▸ **Material supplied**:

══════

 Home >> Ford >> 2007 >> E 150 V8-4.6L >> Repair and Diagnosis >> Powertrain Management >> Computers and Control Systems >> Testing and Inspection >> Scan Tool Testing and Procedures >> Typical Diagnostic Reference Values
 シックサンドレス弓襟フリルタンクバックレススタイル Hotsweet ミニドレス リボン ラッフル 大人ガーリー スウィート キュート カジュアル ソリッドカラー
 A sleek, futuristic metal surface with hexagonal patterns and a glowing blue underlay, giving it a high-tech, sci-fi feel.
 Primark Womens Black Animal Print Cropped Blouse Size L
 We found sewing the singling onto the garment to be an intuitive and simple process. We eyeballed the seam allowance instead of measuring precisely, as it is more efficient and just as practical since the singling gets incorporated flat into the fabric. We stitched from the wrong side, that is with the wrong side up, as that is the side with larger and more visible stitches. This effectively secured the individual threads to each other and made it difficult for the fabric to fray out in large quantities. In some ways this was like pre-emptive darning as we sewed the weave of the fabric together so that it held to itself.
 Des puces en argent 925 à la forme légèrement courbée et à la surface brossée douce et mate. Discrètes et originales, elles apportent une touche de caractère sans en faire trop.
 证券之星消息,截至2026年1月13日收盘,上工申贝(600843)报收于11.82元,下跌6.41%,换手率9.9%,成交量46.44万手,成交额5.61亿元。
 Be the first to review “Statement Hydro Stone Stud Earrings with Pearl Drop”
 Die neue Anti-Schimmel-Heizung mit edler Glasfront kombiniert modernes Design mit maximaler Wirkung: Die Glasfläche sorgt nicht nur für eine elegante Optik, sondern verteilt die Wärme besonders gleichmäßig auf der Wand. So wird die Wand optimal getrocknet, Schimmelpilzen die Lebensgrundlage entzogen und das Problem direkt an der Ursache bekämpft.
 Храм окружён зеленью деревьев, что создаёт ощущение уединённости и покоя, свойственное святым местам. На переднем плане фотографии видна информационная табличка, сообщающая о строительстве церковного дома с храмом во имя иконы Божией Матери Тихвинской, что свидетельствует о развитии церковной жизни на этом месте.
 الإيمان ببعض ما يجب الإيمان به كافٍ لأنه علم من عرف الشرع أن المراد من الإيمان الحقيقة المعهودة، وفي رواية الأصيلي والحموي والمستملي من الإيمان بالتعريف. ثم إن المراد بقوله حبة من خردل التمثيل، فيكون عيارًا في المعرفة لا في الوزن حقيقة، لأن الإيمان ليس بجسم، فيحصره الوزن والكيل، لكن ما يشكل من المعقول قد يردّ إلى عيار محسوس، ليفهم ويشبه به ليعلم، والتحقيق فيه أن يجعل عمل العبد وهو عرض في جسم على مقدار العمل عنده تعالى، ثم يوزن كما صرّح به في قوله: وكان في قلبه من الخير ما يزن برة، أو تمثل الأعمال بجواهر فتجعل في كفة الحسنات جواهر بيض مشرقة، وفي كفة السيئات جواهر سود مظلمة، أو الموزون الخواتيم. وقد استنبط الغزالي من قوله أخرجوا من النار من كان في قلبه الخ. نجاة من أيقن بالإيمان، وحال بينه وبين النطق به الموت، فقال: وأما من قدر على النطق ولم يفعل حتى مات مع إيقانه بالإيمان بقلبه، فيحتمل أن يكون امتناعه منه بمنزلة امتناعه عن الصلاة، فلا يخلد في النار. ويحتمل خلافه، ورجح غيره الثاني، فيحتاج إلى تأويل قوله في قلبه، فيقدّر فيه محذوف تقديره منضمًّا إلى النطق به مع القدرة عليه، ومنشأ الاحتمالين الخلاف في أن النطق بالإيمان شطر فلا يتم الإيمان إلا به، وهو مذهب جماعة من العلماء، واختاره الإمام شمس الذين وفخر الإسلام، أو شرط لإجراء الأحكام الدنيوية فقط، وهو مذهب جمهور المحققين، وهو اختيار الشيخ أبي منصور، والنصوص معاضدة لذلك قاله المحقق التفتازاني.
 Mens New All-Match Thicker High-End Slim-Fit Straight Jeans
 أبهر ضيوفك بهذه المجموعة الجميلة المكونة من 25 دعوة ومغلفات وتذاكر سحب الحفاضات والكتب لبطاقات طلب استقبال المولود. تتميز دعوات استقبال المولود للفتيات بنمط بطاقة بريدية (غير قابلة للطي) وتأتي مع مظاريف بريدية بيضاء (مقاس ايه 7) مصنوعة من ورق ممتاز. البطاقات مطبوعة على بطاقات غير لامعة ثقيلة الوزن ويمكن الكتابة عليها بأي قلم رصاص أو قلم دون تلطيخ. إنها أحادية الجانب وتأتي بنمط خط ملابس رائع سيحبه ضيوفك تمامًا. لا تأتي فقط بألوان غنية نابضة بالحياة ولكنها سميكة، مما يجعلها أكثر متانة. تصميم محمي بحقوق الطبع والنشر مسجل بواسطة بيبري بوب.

══════

▸ **What to do**: Copy out each line from the preceding entries that mentions the word "surface".

▸ **Solution to this task**:
 A sleek, futuristic metal surface with hexagonal patterns and a glowing blue underlay, giving it a high-tech, sci-fi feel.
 Des puces en argent 925 à la forme légèrement courbée et à la surface brossée douce et mate. Discrètes et originales, elles apportent une touche de caractère sans en faire trop.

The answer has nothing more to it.